NgRPC

Make it easy to create clean and elegant gRPC based microservices.

This package is written in and for both Node.js and Golang, enabling them to work seamlessly with each other in one codebase.

NOTE: this repo itself is an example of using NgRPC in practice.

First, install the CLI tool via one of the following commands:

npm i -g @ayonli/ngrpc                              # for Node.js user
go install github.com/ayonli/ngrpc/cli/ngrpc@latest # for Golang user

Then use one of the following commands to initiate the project:

ngrpc init -t node # for Node.js project
ngrpc init -t go   # for Golang project

First, take a look at this configuration (ngrpc.json):

{
    "$schema": "https://raw.githubusercontent.com/ayonli/ngrpc/main/ngrpc.schema.json",
    "protoPaths": [
        "proto"
    ],
    "protoOptions": {
        "defaults": true
    },
    "apps": [
        {
            "name": "example-server",
            "url": "grpc://localhost:4000",
            "serve": true,
            "services": [
                "services.ExampleService"
            ],
            "entry": "entry/main.ts", // alternatively, we can use `entry/main.go` instead.
            "stdout": "out.log"
        },
        {
            "name": "user-server",
            "url": "grpcs://localhost:4001",
            "serve": true,
            "services": [
                "services.UserService"
            ],
            "entry": "entry/main.go",
            "stdout": "out.log",
            "cert": "certs/cert.pem",
            "key": "certs/cert.key",
            "ca": "certs/ca.pem"
        },
        {
            "name": "post-server",
            "url": "grpcs://localhost:4002",
            "serve": true,
            "services": [
                "services.PostService"
            ],
            "entry": "entry/main.ts",
            "stdout": "out.log",
            "cert": "certs/cert.pem",
            "key": "certs/cert.key",
            "ca": "certs/ca.pem"
        }
    ]
}

We have two different entry files here, let's dig in each of them.

main.ts

import ngrpc from "@ayonli/ngrpc";

if (require.main?.filename === __filename) {
    ngrpc.start(ngrpc.getAppName()).then(app => {
        process.send?.("ready"); // for PM2 compatibility
        app.waitForExit();
    }).catch(err => {
        console.error(err);
        process.exit(1);
    });
}

main.go

package main

import (
    "log"

    "github.com/ayonli/ngrpc"
    _ "github.com/ayonli/ngrpc/services"
)

func main() {
    app, err := ngrpc.Start(ngrpc.GetAppName())

    if err != nil {
        log.Fatal(err)
    } else {
        app.WaitForExit()
    }
}

• protoPaths The directories that stores the .proto files. Normally, .proto files are stored in the proto folder.

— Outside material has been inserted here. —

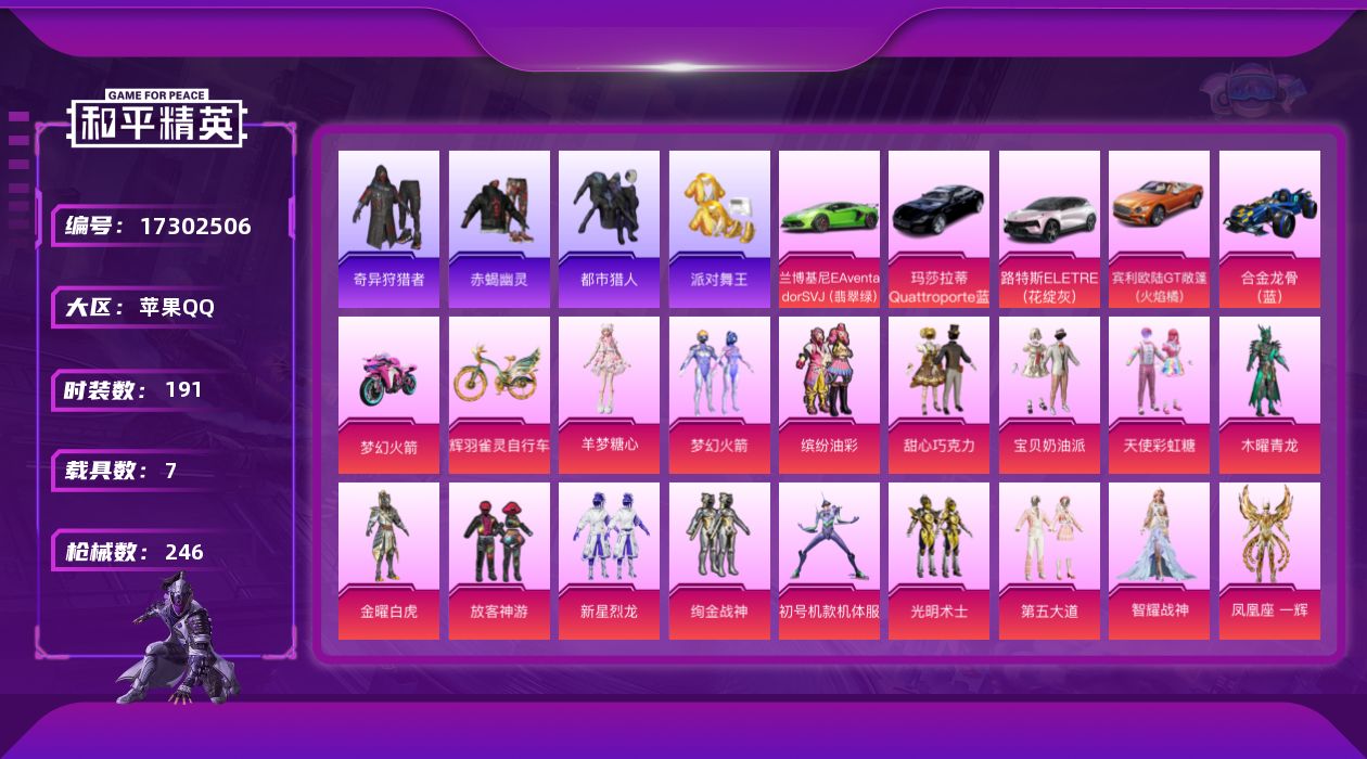 [17302506]苹果 手Q-无敌战神框-17粉装-12特效枪-7载具-12粉色飞行器-86202热力值-10王牌印记-191套装-246枪皮

  TIP: don't forget add --proto_path=${workspaceRoot}/proto to the protoc.options in VSCode's settings in order for the vscode-proto3 plugin to work properly.

• apps This property configures the apps that this project serves and connects.

  • name The name of the app.

  • url The URL of the gRPC server, supported schemes are grpc:, grpcs:, http:, https: or xds: (in Node.js, make sure package @grpc/grpc-js-xds is installed).

  • serve If this app is served by the NgRPC app server. If this property is false, that means the app is served by other programs and we just connect to it.

  • services The services served by this app.

  • entry The entry file used to spawn apps.

    • During development, the entry filename shall be suffixed either by .ts or .go, when running the program, NgRPC automatically compiles the file when needed.

    • In production, the entry filename shall the compiled file's name, which is suffixed by .js or has no suffix at all (for Golang, or .exe in Windows).

    The program is spawned with the app name in the command line argument, we can use ngrpc.getAppName() or ngrpc.GetAppName() to retrieve it.

  • stdout Log file used for stdout.

  More Options for apps

  • cert The certificate filename when using TLS/SSL.

  • key The private key filename when using TLS/SSL.

  • ca The CA filename used to verify the other peer's certificates, when omitted, the system's root CAs will be used.

    It's recommended that the gRPC application uses a non-public CA, so the client and the server can establish a private connection that no outsiders can join in.

  • stderr Log file used for stderr. If omitted and stdout is set, the program uses stdout for stderr as well.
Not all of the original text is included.